___ Material provided

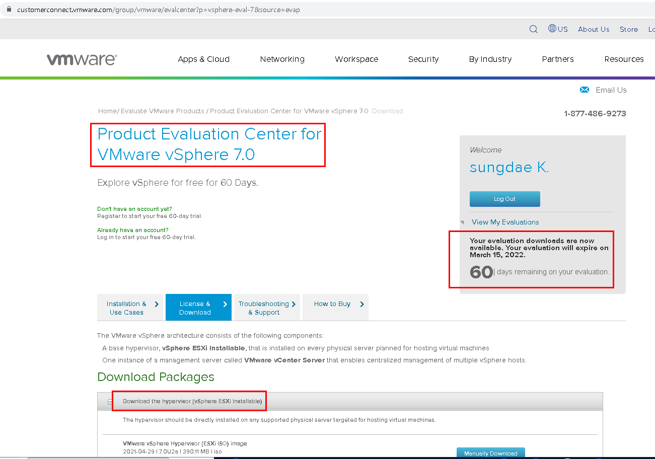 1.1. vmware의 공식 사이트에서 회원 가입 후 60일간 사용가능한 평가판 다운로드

______
___ Material provided

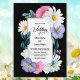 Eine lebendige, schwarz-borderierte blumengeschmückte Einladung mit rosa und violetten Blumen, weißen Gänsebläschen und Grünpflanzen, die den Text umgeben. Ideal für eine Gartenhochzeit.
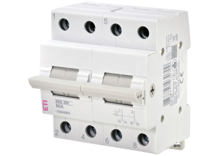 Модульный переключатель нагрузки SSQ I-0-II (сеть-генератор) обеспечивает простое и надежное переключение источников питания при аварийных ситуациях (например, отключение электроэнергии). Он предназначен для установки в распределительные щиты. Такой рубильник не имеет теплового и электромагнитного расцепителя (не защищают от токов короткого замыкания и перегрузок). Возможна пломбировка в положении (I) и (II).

______

What you should do: Only one part of the listing is wanted: the lines from the one containing "Eine lebendige, schwarz-borderierte" through the one containing "Модульный переключатель нагрузки", both included. Please transcribe it exactly, leaving out the pictures.

Problem solution:
 Eine lebendige, schwarz-borderierte blumengeschmückte Einladung mit rosa und violetten Blumen, weißen Gänsebläschen und Grünpflanzen, die den Text umgeben. Ideal für eine Gartenhochzeit.
 Модульный переключатель нагрузки SSQ I-0-II (сеть-генератор) обеспечивает простое и надежное переключение источников питания при аварийных ситуациях (например, отключение электроэнергии). Он предназначен для установки в распределительные щиты. Такой рубильник не имеет теплового и электромагнитного расцепителя (не защищают от токов короткого замыкания и перегрузок). Возможна пломбировка в положении (I) и (II).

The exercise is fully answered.